### Problem statement
Write out the records in full and without alteration, setting aside their pictures.

*** Opening of Given records ***

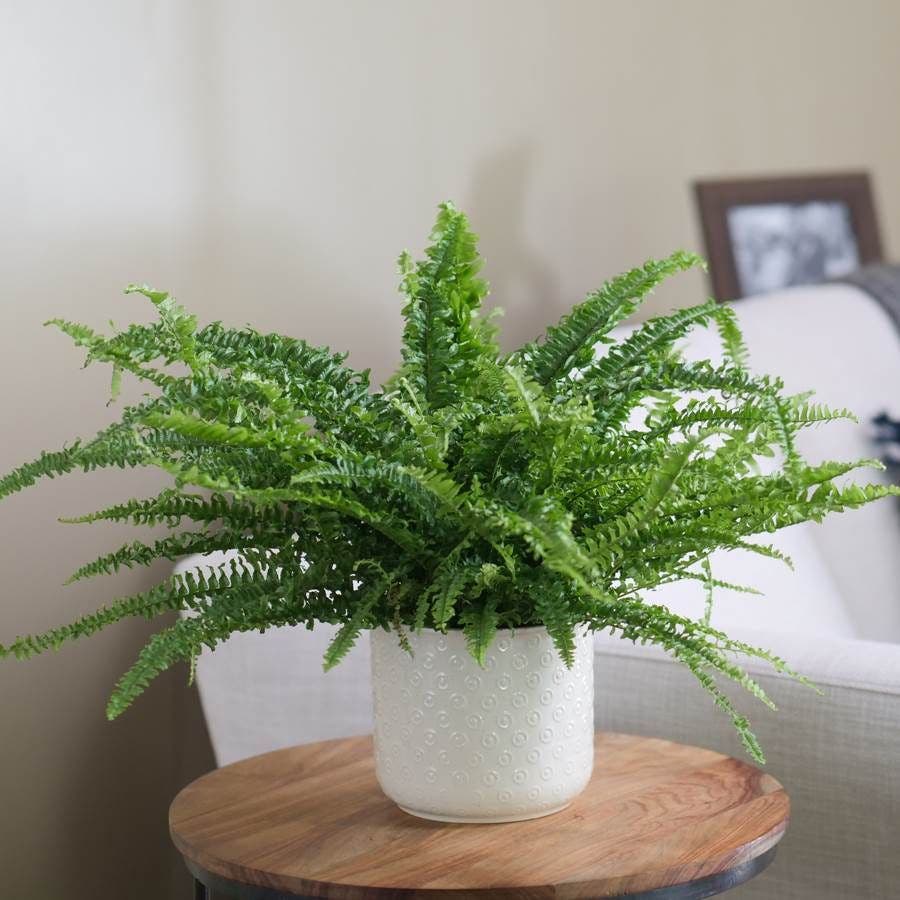 One of the most well-known and popular ferns, the Boston fern (Nephrolepis exaltata bostoniensis) is admired not only for its attractive frilly blue-green fronds but also for its ability to thrive indoors. All it requires is a steady environment, consistent watering, and moderate light to be healthy and happy. Its flexibility to be displayed in any number of waysas a lush specimen on a pedestal or in a hanging basket or grouped as a part of a larger vignettemakes the Boston fern a perfect gift for almost anyone.
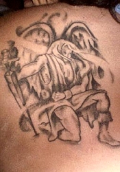 "Below is Michael the angel of firefighters he is on the back of my left shoulder for a friend i lost joey agnello from ladder 118 in the ribbon that goes through the picture it will say R.I.P Nello ." |
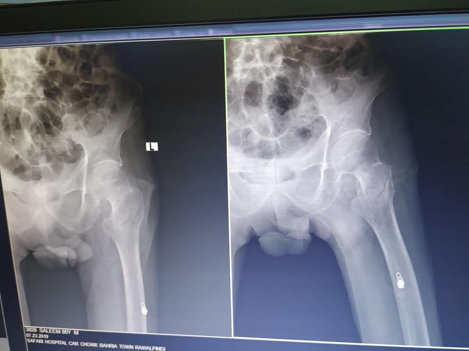 my grand father slipped on floor yesterday. kindly have a look on x ray i need dr opinion is this fracture is curable without surgery as his age 90 and suffering from weakness blood pressure low and no eating well please dr suggest best possible treatment
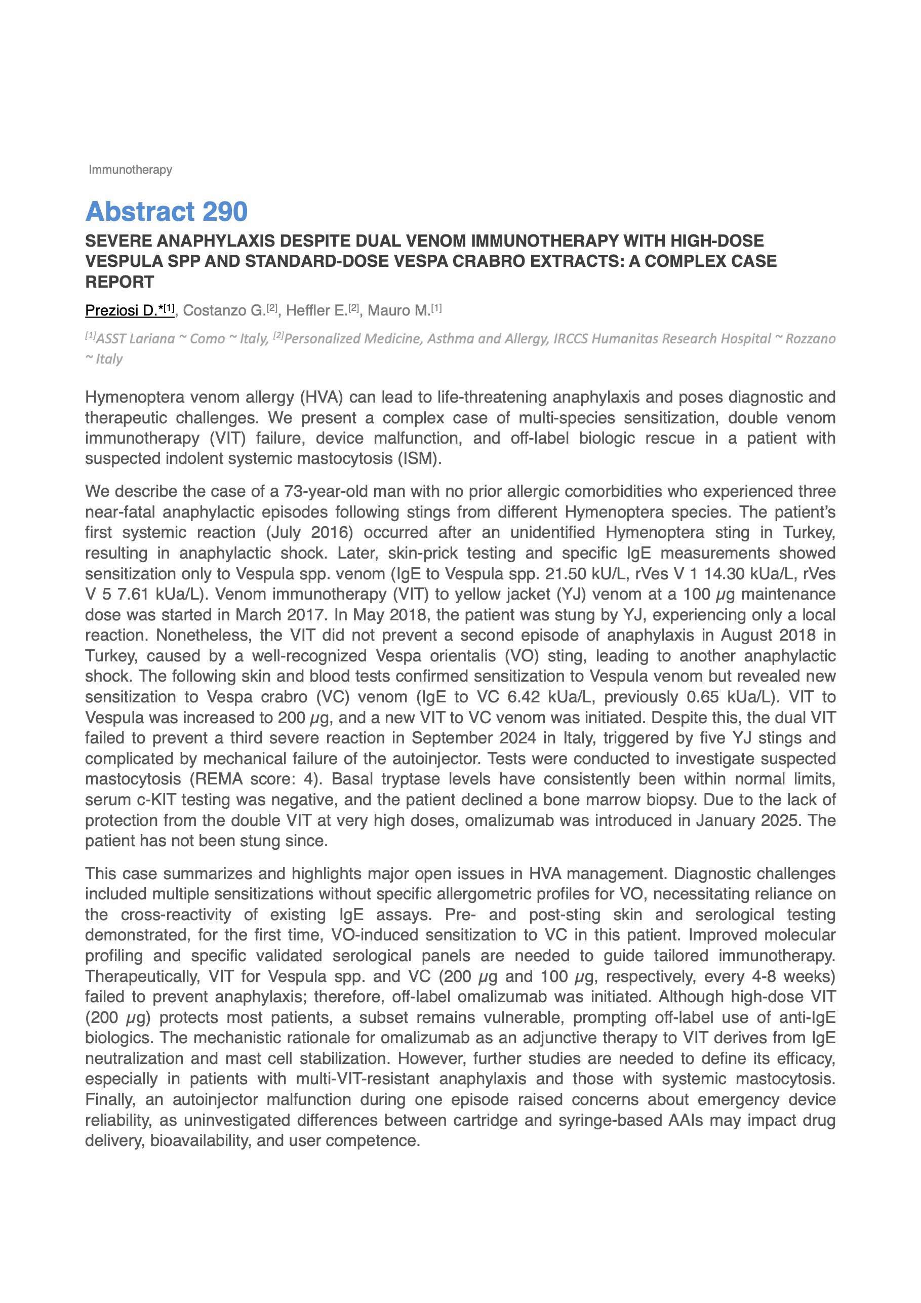 SEVERE ANAPHYLAXIS DESPITE DUAL VENOM IMMUNOTHERAPY WITH HIGH-DOSE VESPULA SPP AND STANDARD-DOSE VESPA CRABRO EXTRACTS: A COMPLEX CASE REPORT
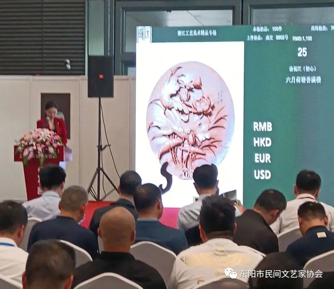 本届博览会还举办了“浙江省工艺美术精品慈善拍卖”活动。拍卖分线上线下,近百件拍品全部成交。待成交额核对无误后,博览会将和浙江妇女儿童基金会对接捐款事宜,并向全行业公示。我会王向东主席的木雕作品47*32.5*3.5《月德呈瑞》参与了拍卖,落槌价RMB1800元。其他参与拍卖的会员有俞祝江的《初心》、王飞龙的《五福临门》等。
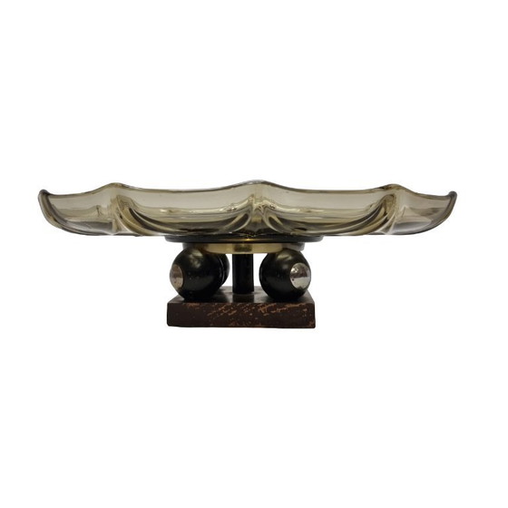 Diese französische Art-déco-Schale aus Rauchglas aus den 1920er-Jahren ist ein einzigartiges und dekoratives Objekt. Die Schale aus Rauchglas ruht auf einem markanten Holzsockel mit vier kugelförmigen Knöpfen. Die Kombination aus Glas und Holz verleiht ihr eine kraftvolle, geometrische Form, typisch für die Art-déco-Zeit.

*** Close of Given records ***

### Solution to the exercise
 One of the most well-known and popular ferns, the Boston fern (Nephrolepis exaltata bostoniensis) is admired not only for its attractive frilly blue-green fronds but also for its ability to thrive indoors. All it requires is a steady environment, consistent watering, and moderate light to be healthy and happy. Its flexibility to be displayed in any number of waysas a lush specimen on a pedestal or in a hanging basket or grouped as a part of a larger vignettemakes the Boston fern a perfect gift for almost anyone.
 "Below is Michael the angel of firefighters he is on the back of my left shoulder for a friend i lost joey agnello from ladder 118 in the ribbon that goes through the picture it will say R.I.P Nello ." |
 my grand father slipped on floor yesterday. kindly have a look on x ray i need dr opinion is this fracture is curable without surgery as his age 90 and suffering from weakness blood pressure low and no eating well please dr suggest best possible treatment
 SEVERE ANAPHYLAXIS DESPITE DUAL VENOM IMMUNOTHERAPY WITH HIGH-DOSE VESPULA SPP AND STANDARD-DOSE VESPA CRABRO EXTRACTS: A COMPLEX CASE REPORT
 本届博览会还举办了“浙江省工艺美术精品慈善拍卖”活动。拍卖分线上线下,近百件拍品全部成交。待成交额核对无误后,博览会将和浙江妇女儿童基金会对接捐款事宜,并向全行业公示。我会王向东主席的木雕作品47*32.5*3.5《月德呈瑞》参与了拍卖,落槌价RMB1800元。其他参与拍卖的会员有俞祝江的《初心》、王飞龙的《五福临门》等。
 Diese französische Art-déco-Schale aus Rauchglas aus den 1920er-Jahren ist ein einzigartiges und dekoratives Objekt. Die Schale aus Rauchglas ruht auf einem markanten Holzsockel mit vier kugelförmigen Knöpfen. Die Kombination aus Glas und Holz verleiht ihr eine kraftvolle, geometrische Form, typisch für die Art-déco-Zeit.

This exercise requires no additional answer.